Second, the areas given and why I believe they're not as useful as alleged.

1\. Activity Days In the example provided "Activity Days" is measured by the
count of lines of code that have been altered. First, this is easily gamed and
second it doesn't actually tell you anything other than an engineer is
(supposedly) altering code. It also doesn't have any insight into the other
responsibilities that an engineer may have during a sprint that have nothing
to do with code. I can only imagine a manager's manager looking at this and
constantly asking why engineer Ben seems to never be active without ever
actually understanding what it is that Ben is really doing day-to-day.
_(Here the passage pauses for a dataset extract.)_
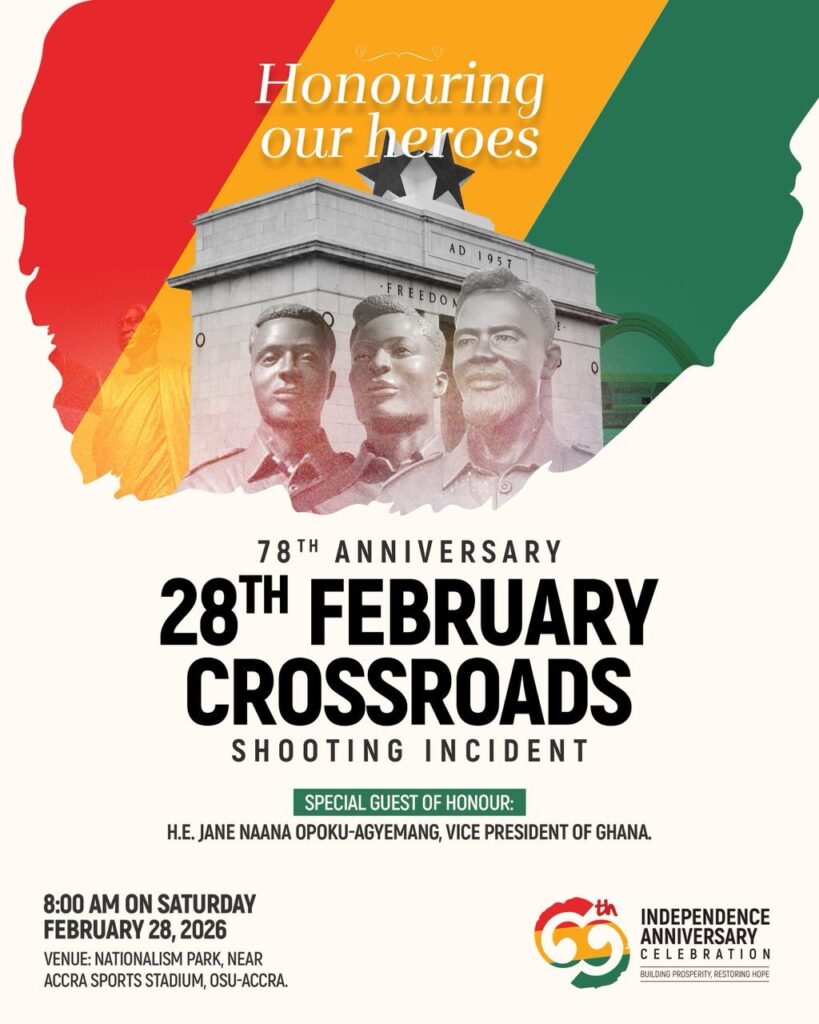 GHANA will on Saturday, February 28, 2026, mark the 78th anniversary of the historic 28th February Crossroads Shooting Incident with a solemn ceremony to honour the nation’s heroes.
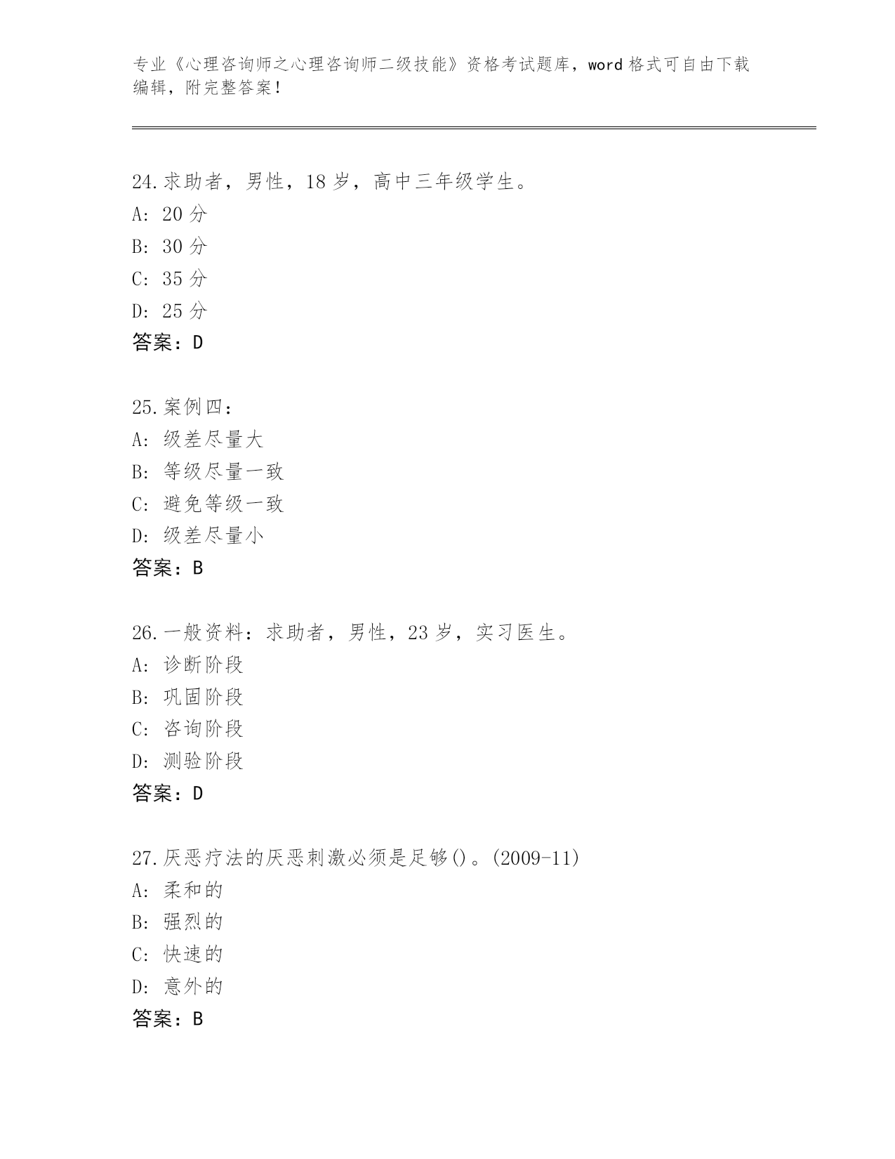 陕西省柞水县2024《心理咨询师之心理咨询师二级技能》考试必刷200题(名师推荐)

2\. Impact To quote the article, "The bigger is the impact the more will be
the code and the project affected.[sic]" Impact is not synonymous with risk
and risk is far more important to determine. Impact is a small part of the
equation one can use it to help determine risk. That said, risk should be
determined up front as part of pointing prior to any work being done. If a
team can't properly point a piece of work while taking risk into account then
the team likely doesn't understand what they're actually trying to do and need
to do a research spike.

3\. Code Churn The whole point of agile is to iterate and try things. And some
of those things will possibly even be thrown away completely. If a team finds
itself in a situation where it has iterated the entirety of a two-week sprint
on a single piece of functionality then that should be discussed in retro. The
discussion should be to determine if the repeated iterations added value or if
the team was merely spinning its wheels. This is up to the team to decide not
someone who is looking at a "code churn" metric.
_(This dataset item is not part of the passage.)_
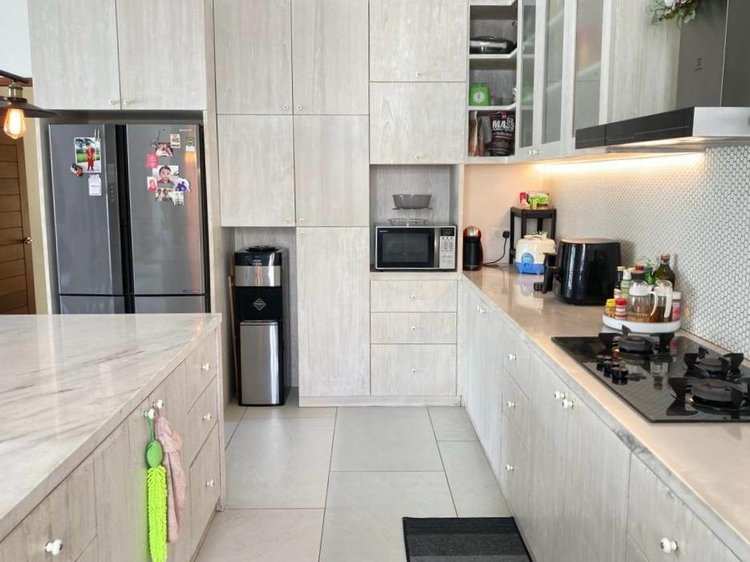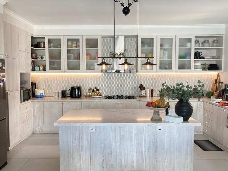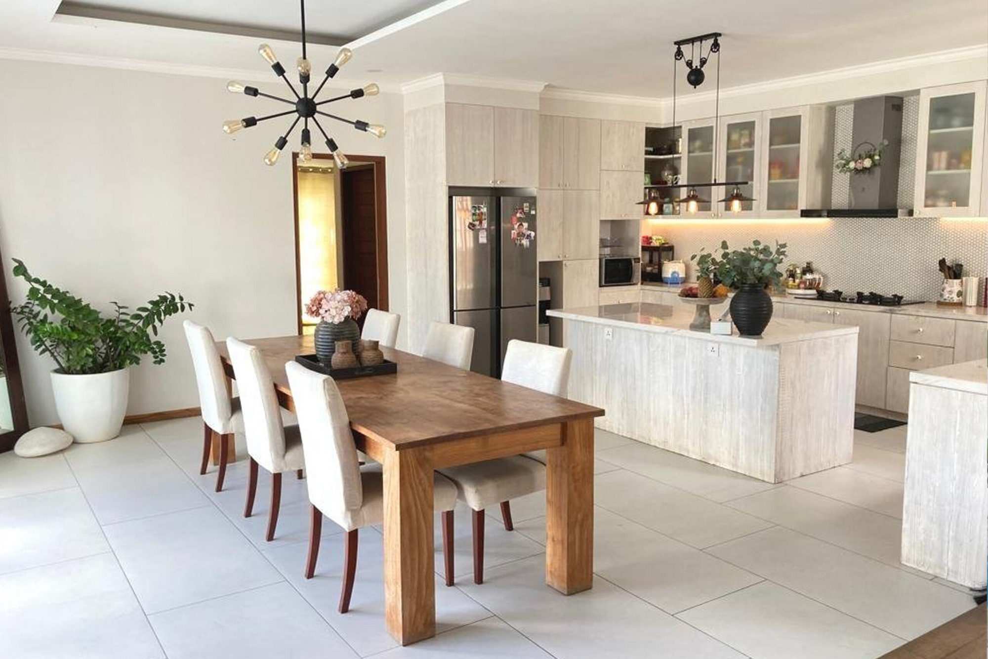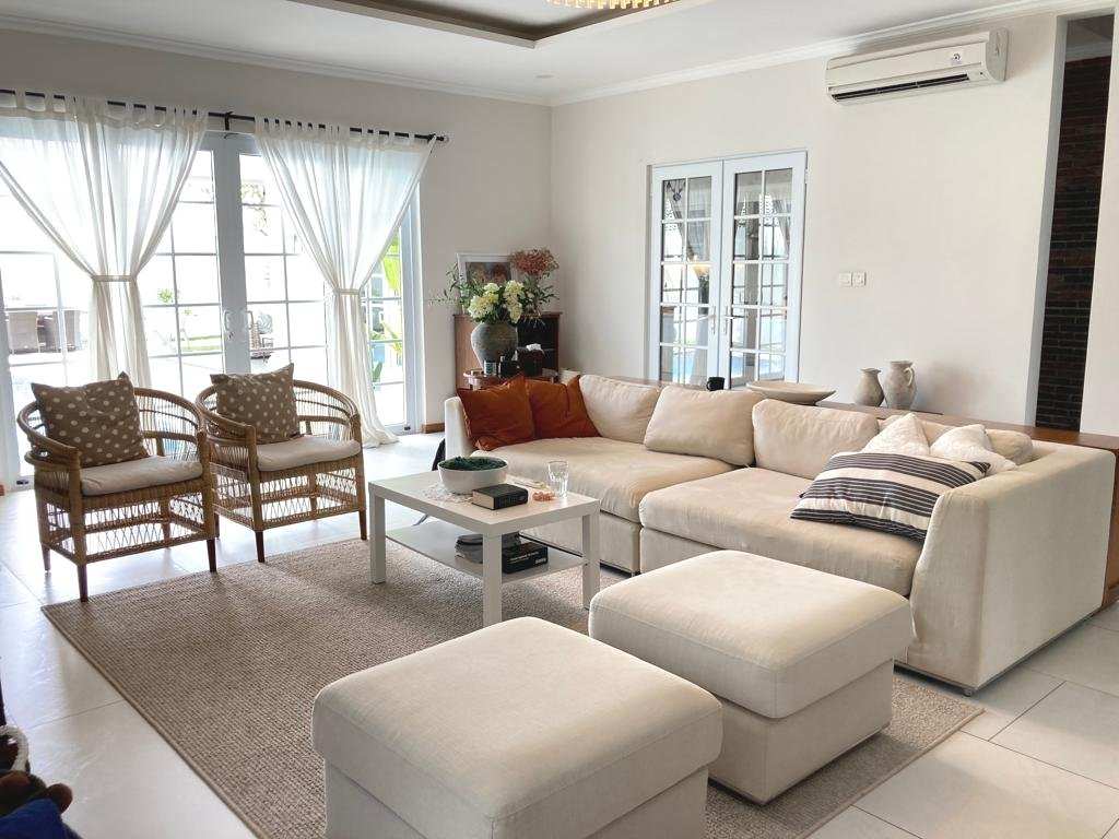 The house is a family home, the open plan kitchen being at the heart of it overlooking the pool with an inviting sitting room for movie nights and rest and relaxation in air con after a long day.

4\. Work Time Knowing how long engineering takes per work item _as a whole_ is
far more valuable than breaking down an engineer's time into the areas
described (avg pr time, avg review time, time to open pr). The reason for this
is that an engineer's time is only a portion of the overall work done in a
sprint for a work item. A team will generally have to do the following steps
1) design 2) engineering 3) quality assurance 4) documentation. Work items
often have drastically different time requirements within those steps. A case
that may take a day in engineering may require three in quality assurance,
vice versa, or three in each.

Now, what should be measured.

Flow. The flow of work items, in a sprint, from start to finish through every
step of the way. This requires using points to determine complexity, risk, and
other agreed upon concepts (NEVER USE TIME hours, days, etc). Second and even
more important, value. This is the most under observed and ignored attribute
in agile/scrum or any workflow for that matter. If the product owner can't
place a value score on a piece of work then the team should not be doing it.
There is nothing more wasteful than producing a piece of functionality for a
software product that nobody ends up using. Along with this, there needs to be
a way to determine if the value score on a piece of work is accurate as part
of a feedback cycle for the product owner and team. (Observing the life of a
work item in a released product via usage metrics is one way of achieving
this.) When a product owner does this correctly it's amazing to watch. You
can't even imagine how ecstatic customers can be when they're constantly
bombarded with high-value functionality.

For more information, I would recommend the following reading on this topic.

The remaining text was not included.